• **Activity**
Only the lines from the top of the records below through the line containing "China. Peoples Republic." should be printed, exactly and without pictures.

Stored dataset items
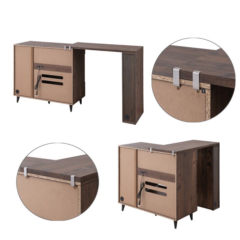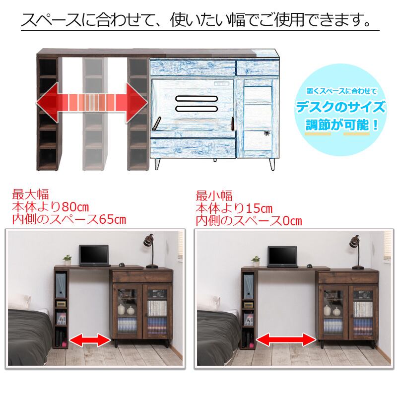 拡張テーブル 幅90 ブラウン 西海岸 パソコンデスク 木製 ヴィンテージ ビンテージ 一 可動式 伸縮 L字 収納付き 可動棚 ARZN
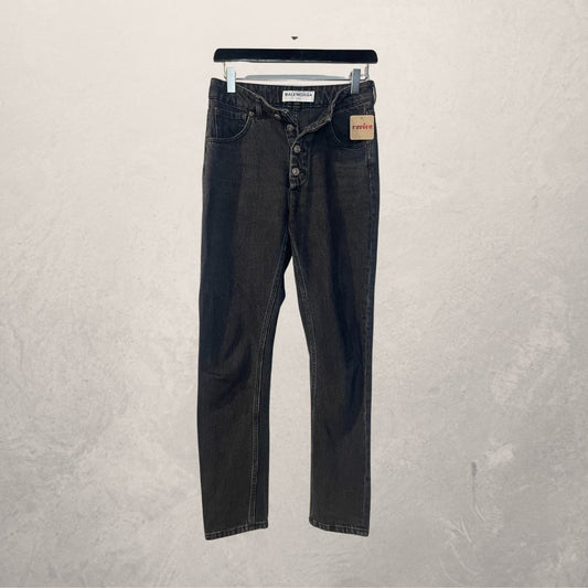 Balenciaga zwarte raw button straight leg denim broek maat 36
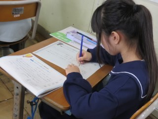 「文字の大きさや配列に気をつけて書こう」をテーマに、練習帳を使って硬筆で丁寧に文章を書く練習をします。鉛筆の持ち方や姿勢にも注意します。
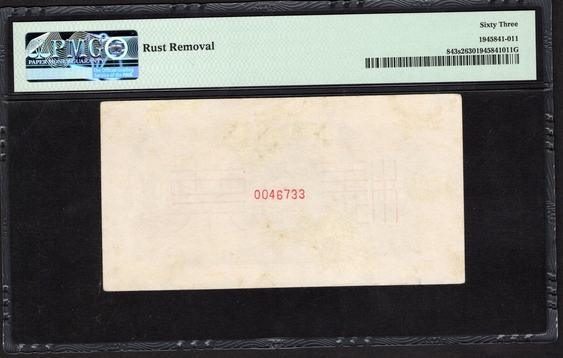 China. Peoples Republic. Peoples Bank of China. Back Specimen 500 Yuan. 1949. P-843s2. No. 0046733. Dark brown. PMG Choice Uncirculated 63, rust removal.
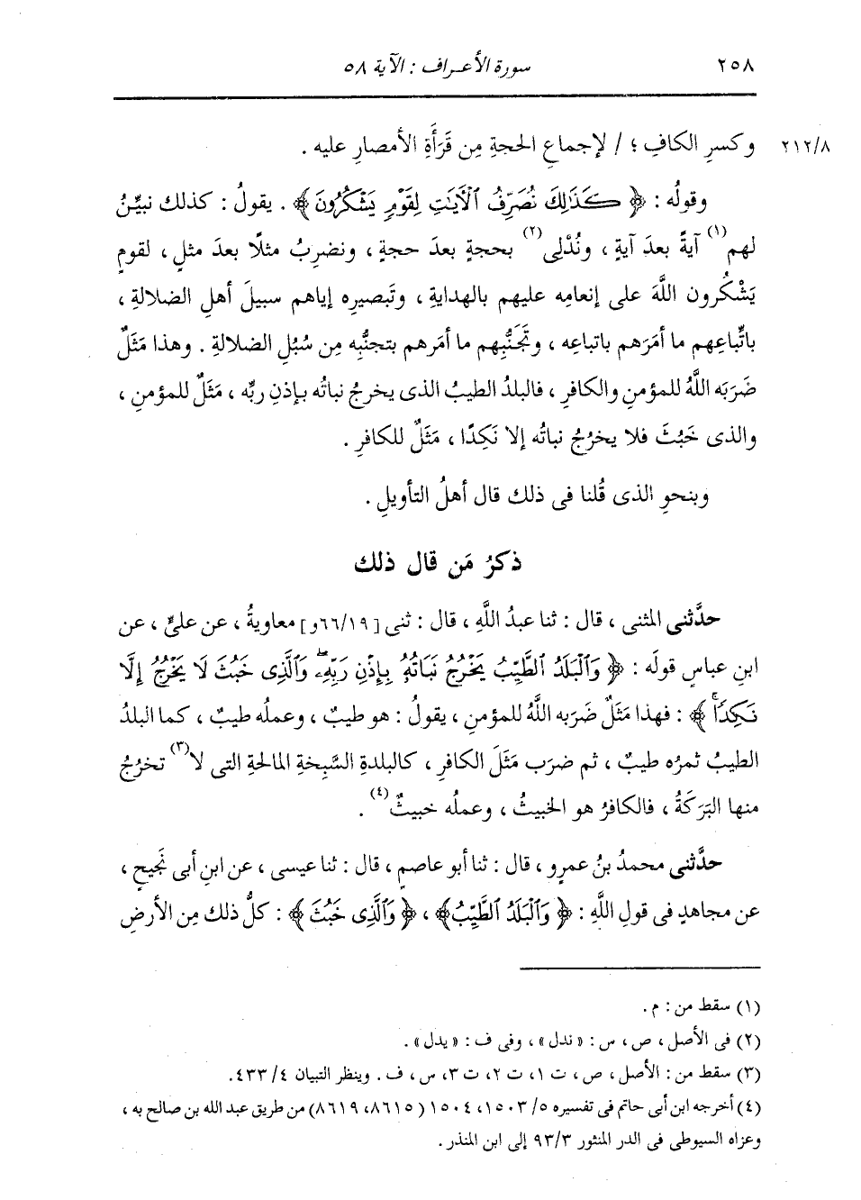 وَكَسْرِ الْكَافِ لِإِجْمَاعِ الْحُجَّةِ مِنْ قُرَّاءِ الْأَمْصَارِ عَلَيْهِ. وَقَوْلُهُ {كَذَلِكَ نُصَرِّفُ الْآيَاتِ لِقَوْمٍ يَشْكُرُونَ} [الأعراف: 58] يَقُولُ: كَذِلِكَ نُبَيِّنُ آيَةً بَعْدَ آيَةٍ، وَنُدْلِي بِحُجَّةٍ بَعْدَ حُجَّةٍ، وَنَضْرِبُ مَثَلًا بَعْدَ مَثَلٍ، لِقَوْمٍ يَشْكُرُونَ اللَّهَ عَلَى إِنْعَامِهِ عَلَيْهِمْ بِالْهِدَايَةِ وَتَبْصِيرِهِ إِيَّاهُمْ سَبِيلَ أَهْلِ الضَّلَالَةِ، بِاتِّبَاعِهِمْ مَا أَمَرَهُمْ بِاتِّبَاعِهِ وَتَجَنُّبِهِمْ مَا أَمَرَهُمْ بِتَجَنُّبِهِ مِنْ سُبُلِ الضَّلَالَةِ. وَهَذَا مَثَلٌ ضَرَبَهُ اللَّهُ لِلْمُؤْمِنِ وَالْكَافِرِ، فَالْبَلَدُ الطَّيِّبُ الَّذِي يَخْرُجُ نَبَاتُهُ بِإِذْنِ رَبِّهِ مَثَلٌ لِلْمُؤْمِنِ، وَالَّذِي خَبُثَ فَلَا يَخْرُجُ نَبَاتُهُ إِلَّا نَكِدًا مَثَلٌ لِلْكَافِرِ. وَبِنَحْوِ الَّذِي قُلْنَا فِي ذَلِكَ قَالَ أَهْلُ التَّأْوِيلِ
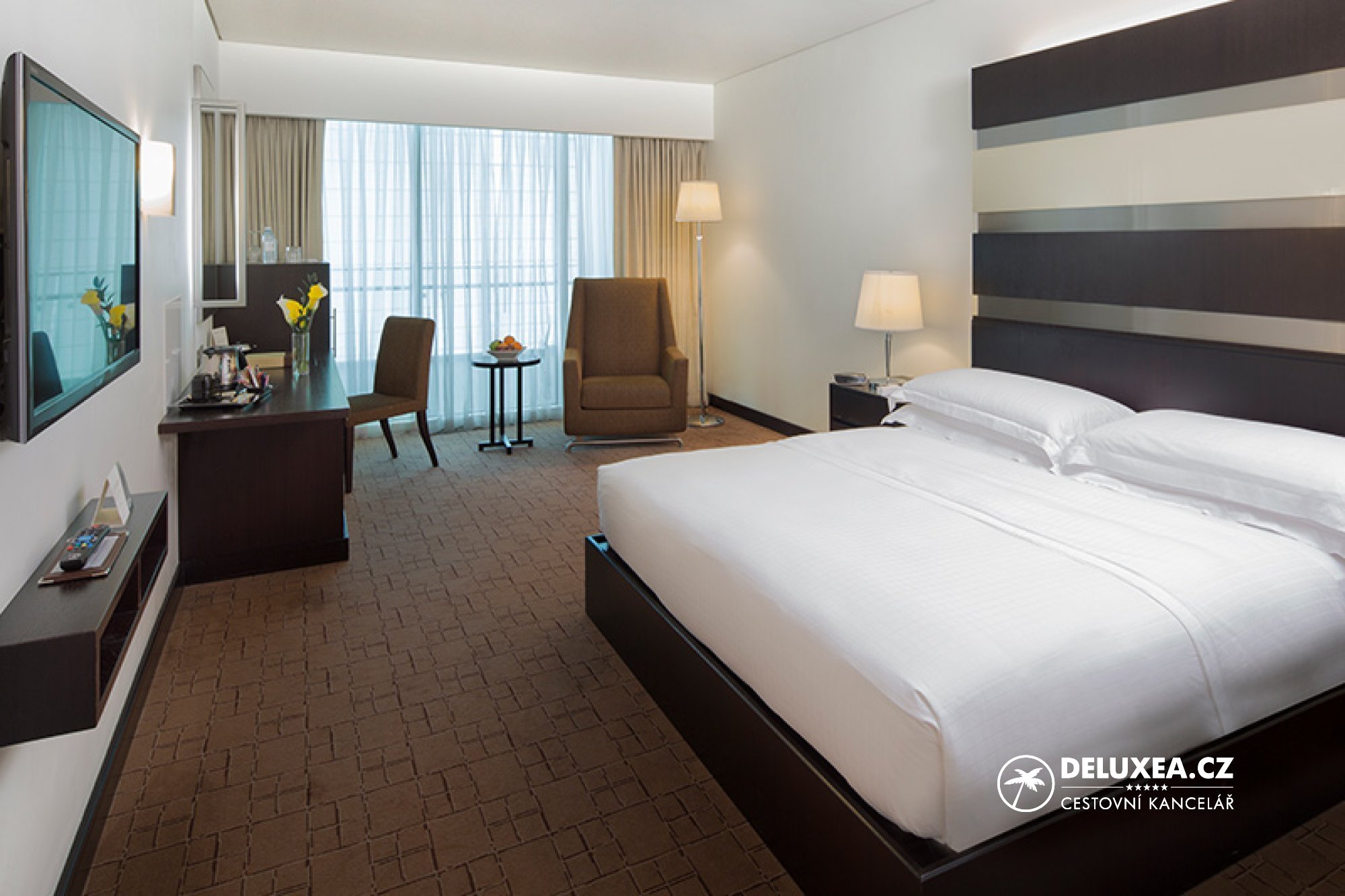 Hotel disponuje celkem 341 pokoji od Royal/Presidential Suite, Executive Suite, Executive Room, Junior Suite, Superior Room až po Deluxe Room. V hotelu můžete dále využít wellness centrum, kde naleznete menší plavecký bazén, jacuzzi, saunu nebo páru. Součástí hotelu není restaurace – ty najdete na patře s duty free obchody, případně stravu dostanete na dalším letu.

• **Task result**
 拡張テーブル 幅90 ブラウン 西海岸 パソコンデスク 木製 ヴィンテージ ビンテージ 一 可動式 伸縮 L字 収納付き 可動棚 ARZN
 Balenciaga zwarte raw button straight leg denim broek maat 36
 「文字の大きさや配列に気をつけて書こう」をテーマに、練習帳を使って硬筆で丁寧に文章を書く練習をします。鉛筆の持ち方や姿勢にも注意します。
 China. Peoples Republic. Peoples Bank of China. Back Specimen 500 Yuan. 1949. P-843s2. No. 0046733. Dark brown. PMG Choice Uncirculated 63, rust removal.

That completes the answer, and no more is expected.